Gemma 4 is the planning and orchestration brain inside Gemma Forge.

I chose the E4B / 4B-class lane as the default because Gemma Forge needs more reasoning headroom than a tiny model for project planning, skill routing, repair loops, and verification, while still staying realistic for local hardware. The one-command installer pulls gemma4:e4b and aliases it locally as gemma-4-e4b-it.

The harness presents the expected local footprint before provisioning: about 10 GB of disk budget and 8 GB RAM for readiness, with the current quantized Ollama artifact around 5 GB on disk.

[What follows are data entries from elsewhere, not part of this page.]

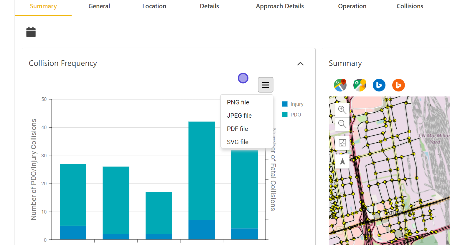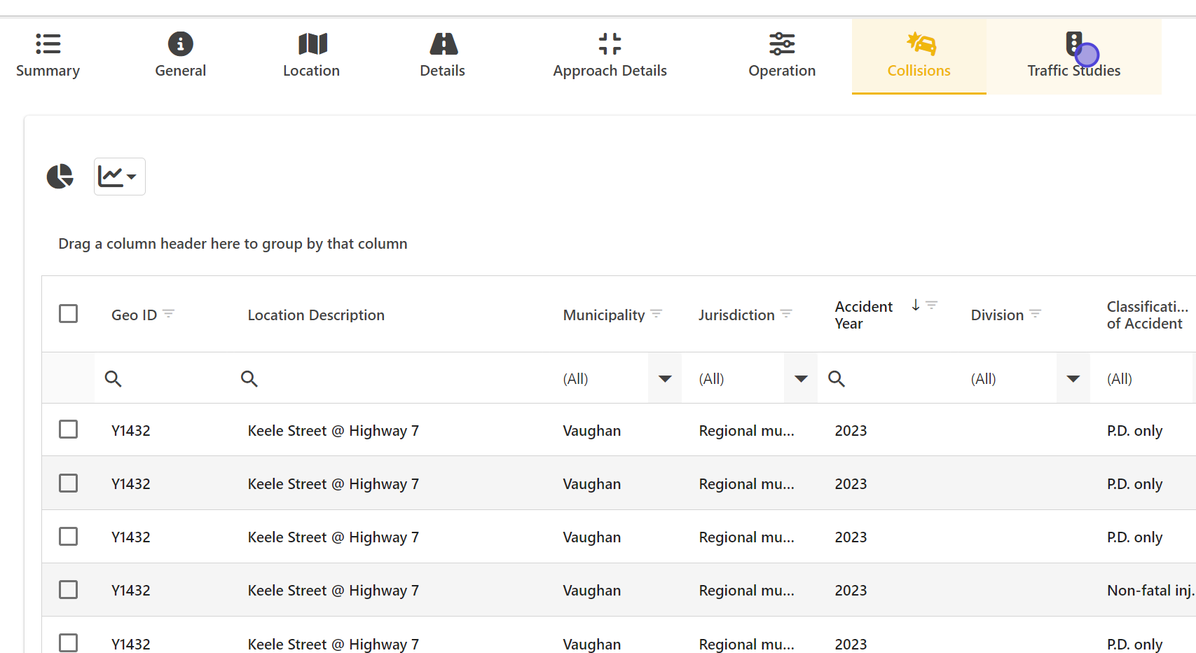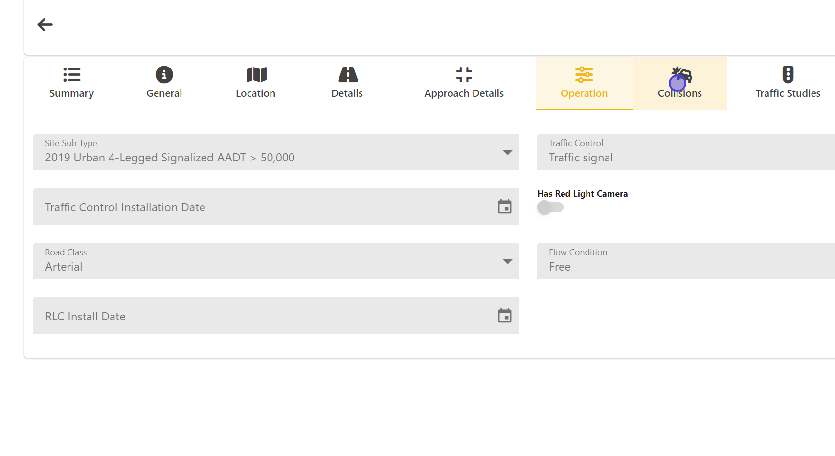Collisions : Provides a grid view of reported collisions at the intersection.
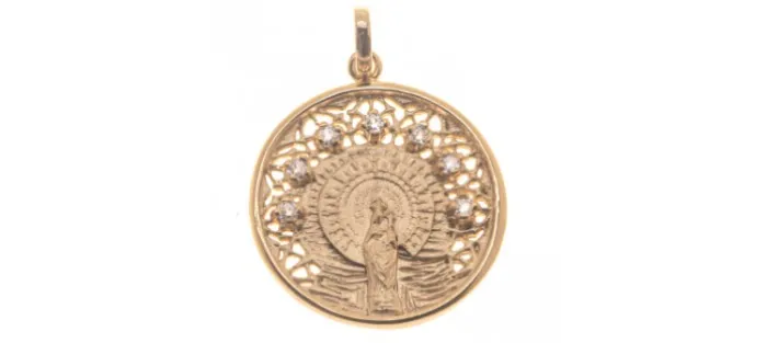 Medalla de plata de primera ley (925) con baño de oro de 3 micras y circonitas.
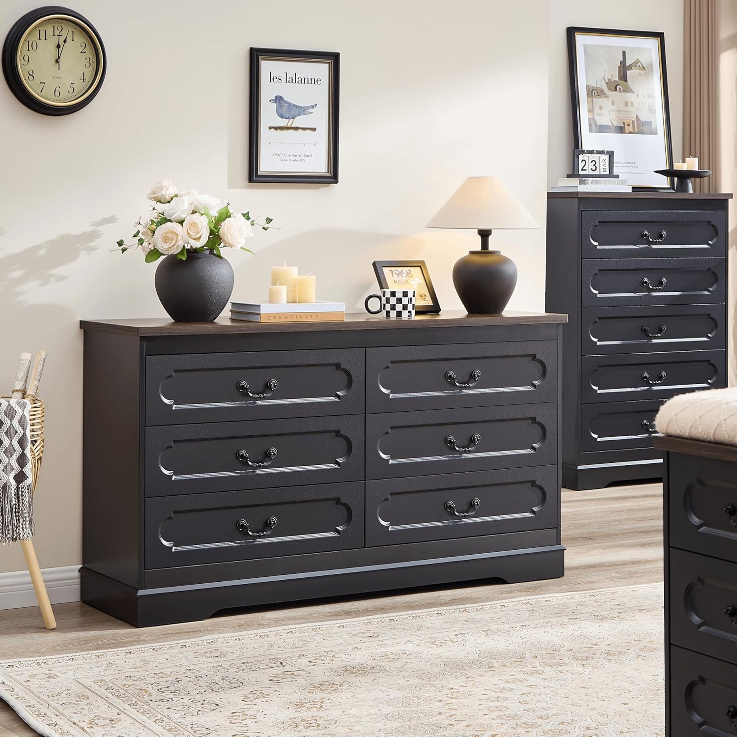 LIDYUK 6 Drawer Dresser for Bedroom Farmhouse Black Tall Wood Chest of Drawers for Bedroom Dresser, Modern Rustic 55" Wide Drawers Dressers Wooden Closet and Storage Cabinet, Hallway, Living Room
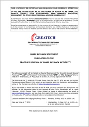 Greatech Technology Berhad ("GTB" or "the Company") - Share Buy-Back Statement in relation to the Proposed Renewal of Share Buy-Back Authority.
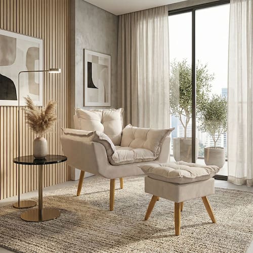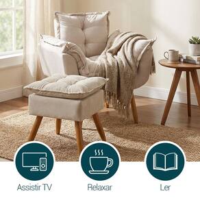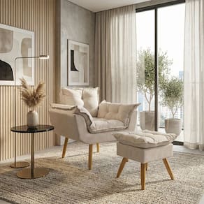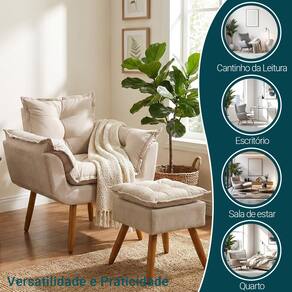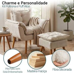 Kit Poltrona e Puff Alice Decorativa Confortável Para Sala Recepção Manicure Quarto Consultório Tecido Suede - Bege
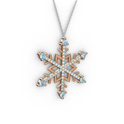 Akuamarin 18 ayar rose altın kolye (40 cm beyaz altın rolo zincir)

Gemma Forge uses Gemma 4 to:

  • Convert a raw user request into a structured project contract.
  • Decide which protocol cards and bundled skills are relevant.
  • Write project-scoped context and GSD-style phase plans.
  • Generate or repair deliverables through the Project Execution card.
  • Evaluate outputs against acceptance criteria and deterministic validation.
  • Explain next steps when the user does not know which control to use.
  • Produce handoff notes so work can resume cleanly.

Gemma Forge also records model-route proof: Forge Brain selection to Flask harness to Ollama /api/chat. That proof matters because the authenticity rule is strict. A valid result means the selected local Gemma model actually did the work through the harness workflow. Deterministic scripts, screenshots, code intelligence, and validators can verify or package the result, but they do not replace Gemma 4 doing the task.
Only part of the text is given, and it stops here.